Is there a more compact way of counting the number of ones in a byte without using a loop? I don't want to do the following if I don't have to. Thanks.

char myValue = 0x0F;

int counter = 0;

while (myValue > 0)
{
 if (myValue & 0x01)
 {
  counter ++;
 }

 myValue = myValue >> 1;
}

---

 ((i>>3)&1)+((i>>2)&1)+((i>>1)&1)+(i&1)

Or use assembly (SSE/MMX). http://gurmeet.net/puzzles/fast-bit-counting-routines/

---

This works if you initialize the table correctly.

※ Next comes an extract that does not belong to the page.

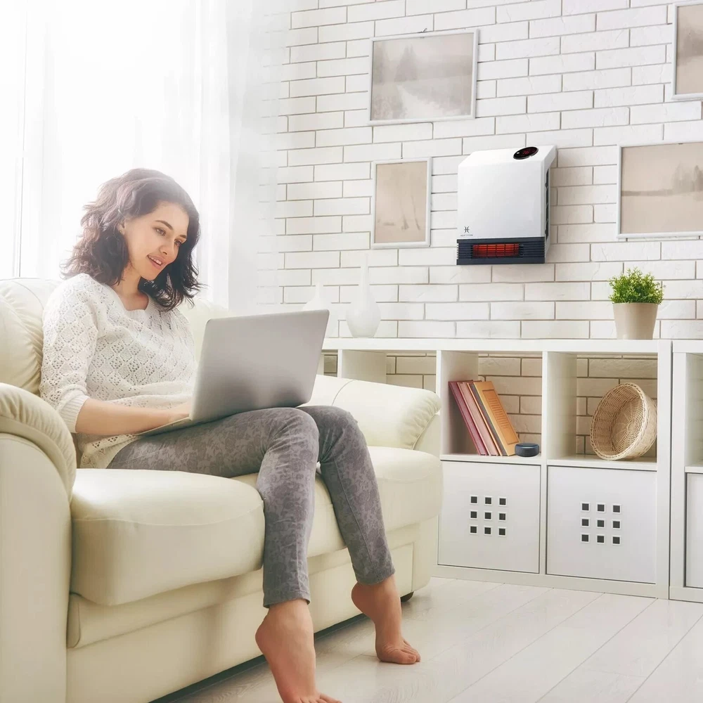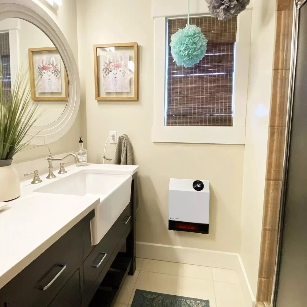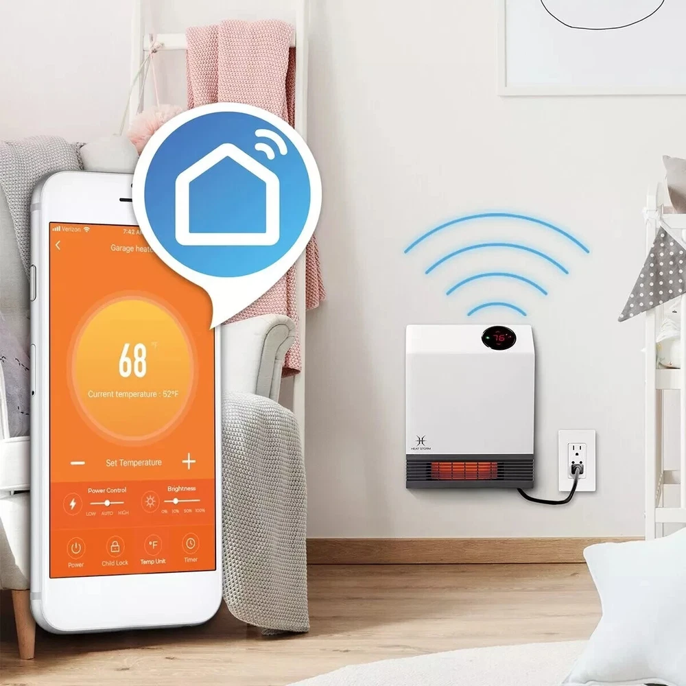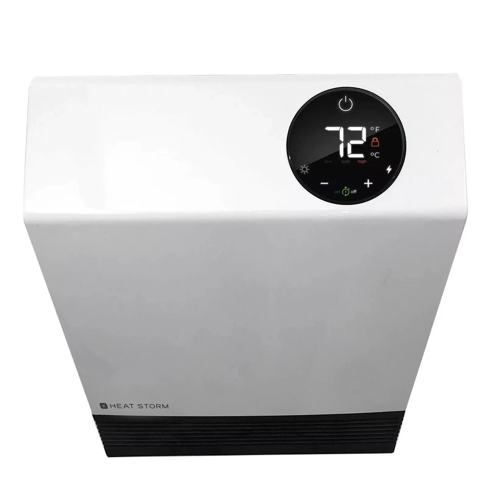 The Heat Storm Deluxe Wall Unit is a great solution for any bedroom or small room where there is not much floor space. At 1,000-Watt this heater will easily heat up your room, but you will not have issues tripping your breaker if you want to run other electronics. This heater is safe to touch, even on the grill, making an excellent choice for anyone. This unit has two power modes, one uses the full 1,000-Watt, while the second mode uses only 500-Watt. Each unit contains our Patented Heat Exchanger with HMS Technology that allows maximum heat from the infrared quartz bulbs without any heat loss from the unit. Highlights Safe to the touch grill, 1000-Watt of power and 3400 BTUs means you can heat up to 500 sq. ft. with supplemental heating Space saving wall mount design means you don't lose floor space, perfect for bedrooms, kitchens, offices and more 1000-Watt Built in thermostat with Wi-Fi capabilities and led display shows you what the ambient temperature is and helps regulate the temperature efficiently, included remote control allows you to control the temperature with ease

static const unsigned char one_bits_in_byte[] = { 0, 1, 1, 2, 1, ... };

int counter = one_bits_in_byte[myValue & 0xFF];

Of course, you'd write a program with a loop in it to generate the table so that your final program doesn't have a loop in it. If you are feeling cost conscious, you can encode just the data for 0..15 and process the two halves (nybbles) of the value with shifts. But with 24 GB of physical memory, this is unlikely to be a major problem. And you could also simply compute the value on demand with masking operations, etc (like VGE suggests, but extended to a whole byte).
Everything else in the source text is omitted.